The Long Council
Who was selected, and why
What conditions and choices made the US economically dominant over 250 years?
The central tension
Did American economic dominance come from free markets and limited government, or from active state direction and structural advantages that markets alone did not create?
The two poles
Selected members
Milton Friedman
Will argue: American dominance rested on price stability, free markets, and the productive energy released when government stopped trying to direct the economy.
His monetary history of the US is the single most documented empirical account of how money supply decisions shaped American economic performance.
Friedrich Hayek
Will argue: America's edge was its dispersed, competitive market order, the moment Washington tried to plan, it introduced the same distortions that crippled rivals.

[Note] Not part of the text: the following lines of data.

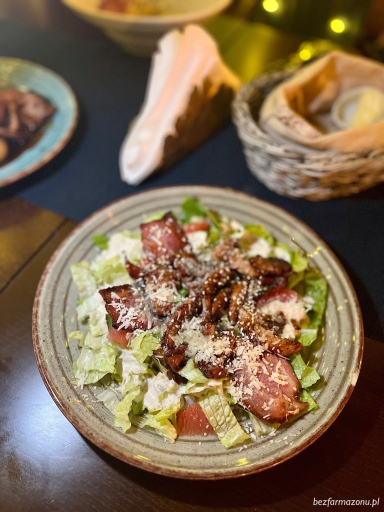 Owego dnia miałem bardzo słaby apetyt, więc ku zaskoczeniu dziewczyn poprosiłem o… sałatkę. Wybrałem Cezar Orient (34 PLN) i już na samym początku nieźle się zdziwiłem – jej głównym składnikiem była nie kurzęca pierś, acz posypane sezamem grillowane udko! Świeżości dodawał grejpfrut, chrupkości boczek, a umami parmezan.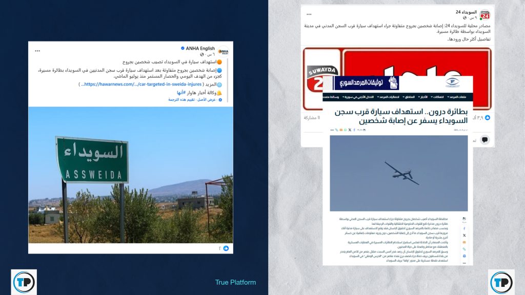 -أظهر البحث أن نشطاء ومواقع محلية، إضافة إلى وسائل إعلام سورية، نقلت خبراً مفاده إصابة شخصين بجروح متفاوتة، جراء استهداف طائرة مسيرة لسيارة قرب السجن المدني في السويداء، “وفي حين قال المرصد السوري لحقوق الإنسان إنها طائرة مُسيّرة مُذخّرة تتبع للقوات الحكومية الانتقالية والقوات الرديفة لها”، لم تنشر وسائل إعلام محلية أو سورية، تفاصيل شاملة وواضحة عن الحادثة، مستندة إلى مصادر صريحة وموثوقة، رغم مرور أكثر من 9 ساعات على الحادثة.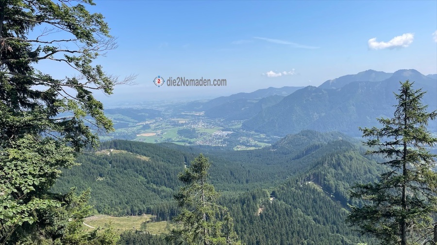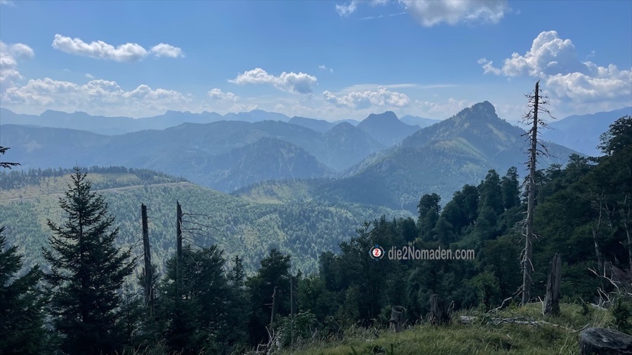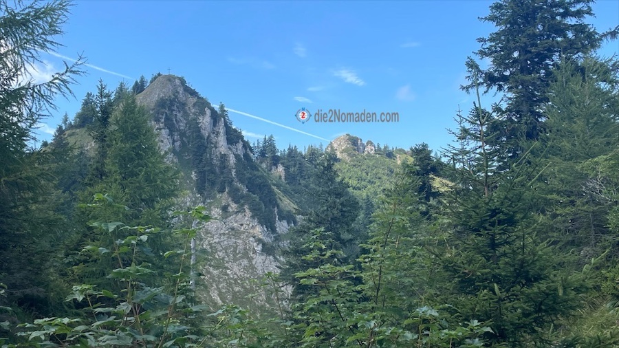 Wir bestaunen noch den Blick über den Gebirgszug rüber zum Trapez, Jacksonstein und zum Steineck, das heute sehr gut besucht ist – allerdings von der anderen Seite.
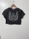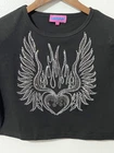 CROPPED DIAMOND T-SHIRT cuz it's all about that bling bling! Sparkle in this tee that has a crew neckline, short sleeves, a diamond applique winged heart design on the front, and a cropped fit. MATERIALS 45% POLY 45% RAYON 10% SPANDEX CARE Hand Wash Cold, Hang Dry Looks almost new!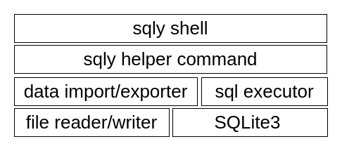 ユーザーとのインターフェースにsqly shell(sqliteやmysqlのクライアントコマンドに似たもの)があり、ユーザーの操作を楽にするためのヘルパーコマンド(例:ファイルをDBにインポートするコマンド)が定義されています。sqlyは、ヘルパーコマンドを経由して、各ファイルを読み書きし、SQLを実行する流れになっています(若干嘘をついています)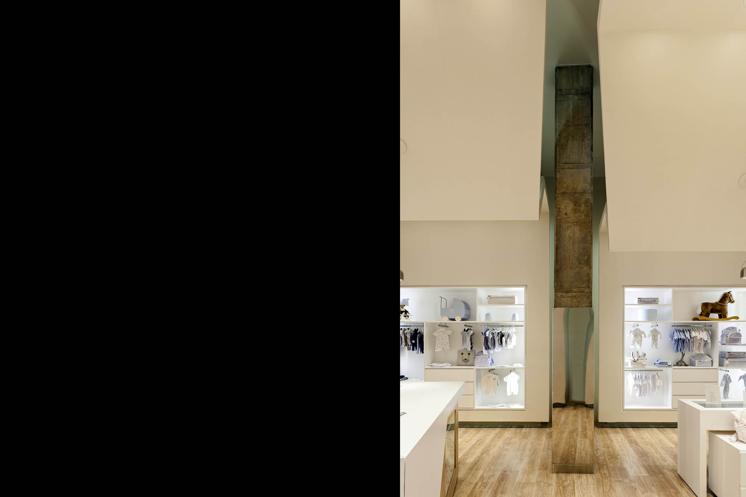 Como estrategia, se reinterpretan las columnas a modo de grilla, dividiendo longitudinalmente el local en 2 grandes áreas: circulación y contacto con los productos. Transversalmente, se genera un gran espacio continuo, ordenado a partir de la introducción de un sistema de 'cintas plegadas' que dividen el espacio en cinco sectores: el ingreso y la vidriera, los tres sectores centrales para exhibición y venta de los productos (acomodando los elementos y la ropa por franja etaria, desde bebes a niños de 6 años), y el depósito con un espacio de oficina.

His knowledge-problem argument explains why decentralised US markets consistently outcompeted state-directed economies across the 20th century.
John Maynard Keynes
Will argue: American dominance was not spontaneous, it required active institutional architecture, wartime fiscal mobilisation, and the deliberate construction of a dollar-centred global order that compounded US advantages for generations.

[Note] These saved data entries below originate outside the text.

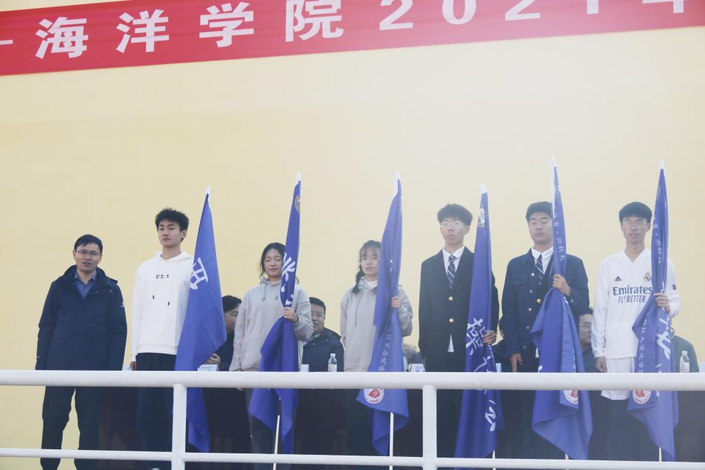 化学院党委书记王德宝教授为化学院体育协会授旗,海洋学院党总支书记周宪锋老师为海洋学院体育协会代表授旗并宣布运动会开幕。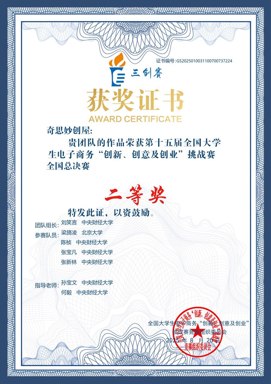 8月4日至6日,第十五届全国大学生电子商务“创新、创意及创业”挑战赛(简称“三创赛”)常规赛全国总决赛在贵阳举行。由我校中国互联网经济研究院孙宝文教授、何毅副研究员指导,开云kaiyun官方网站学子刘笑言担任队长,开云kaiyun官方网站陈桢、张新林、张宝凡为成员的团队“奇思妙创屋”荣获国家二等奖、北京市特等奖的殊荣,创下学校在“三创赛”领域的最佳成绩。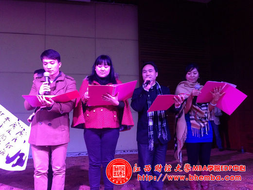 【導(dǎo)語】:2013年12月14日,在班主任王霑老師的精心指導(dǎo)下,在班委和宜春片區(qū)柳發(fā)庚、曾羽軍、吳龍等同學(xué)的辛勤、周密籌劃安排下,江西財大MBA學(xué)院總裁34班同學(xué)們歡聚明月山、嫦娥奔月美麗傳說的故鄉(xiāng),召開畢業(yè)后首期年會。在年會聯(lián)歡晚會上,齊彬、袁陽珍、陳雪慧、胡鋼四位同學(xué)激情飛揚(yáng)地朗誦了由齊彬同學(xué)撰寫的這首詩歌,現(xiàn)予刊載,以饗讀者。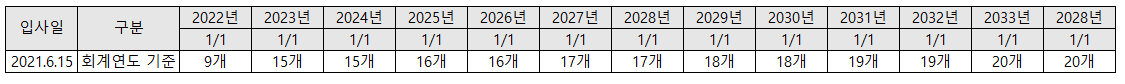 2. 2021.6.15 입사한 사원의 회계연도 기준 연차휴가 12년간 생성 현황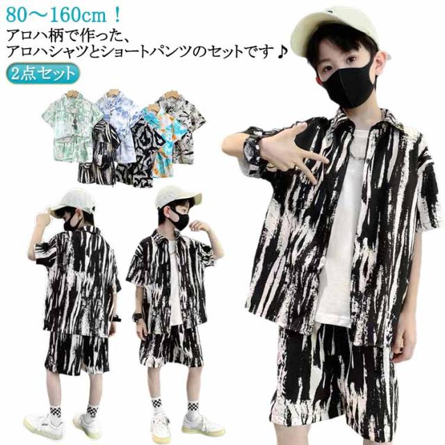 子ども セットアップ 上下セット アロハシャツ セットアップ 80cm 半袖シャツ ジュニア 子供服 子供用 キッズ 男の子 ハーフパンツ 女の子 ベビー服 ショートパンツ 春夏 リゾート 海 ビーチ 旅行 ギフト 総柄 90cm 100cm 110cm 120cm 130cm 140cm 150cm

He designed Bretton Woods, the international monetary order that locked in dollar hegemony and gave the US structural economic advantages no market alone could have built.
Franklin D. Roosevelt
Will argue: Markets needed saving from themselves in 1933; dominance required government to set the framework, absorb catastrophic risk, and build the international order that private capital alone would never have constructed.
He is the documented practitioner of the state decisions, Social Security, banking reform, wartime mobilisation, Bretton Woods, that turned industrial capacity into durable institutional dominance.
Raúl Prebisch
Will argue: American dominance was not simply the product of superior markets or better policy, it was built into the terms of trade, the Bretton Woods rules, and the GATT framework, which systematically transferred real income from the periphery to the American-led centre.
As the theorist of how the global trading system structurally advantages industrial exporters over commodity exporters, he provides the sharpest external account of why American dominance was partly structural, not purely earned.
Considered but not selected
Amartya Sen: His capability approach would reframe the question toward whether American dominance produced genuine human development, not just wealth. Relevant but the issue asks about the conditions of dominance, not its welfare evaluation, his framework adds important critique but does not sharpen the core causal question. Excluded to avoid diffusing the debate.
Albert O. Hirschman: His development economics and unbalanced growth thesis are relevant to US industrialisation, and his exit/voice framework applies to how American institutions self-corrected. However, his most documented work concerns developing countries, and his addition would overlap with Prebisch's structural critique without adding a distinct pole. Excluded on distinctiveness grounds.
Elinor Ostrom: The question does not genuinely turn on common-pool resources or collective-action design at the institutional micro-level. Excluded per selection rule for specialist framework.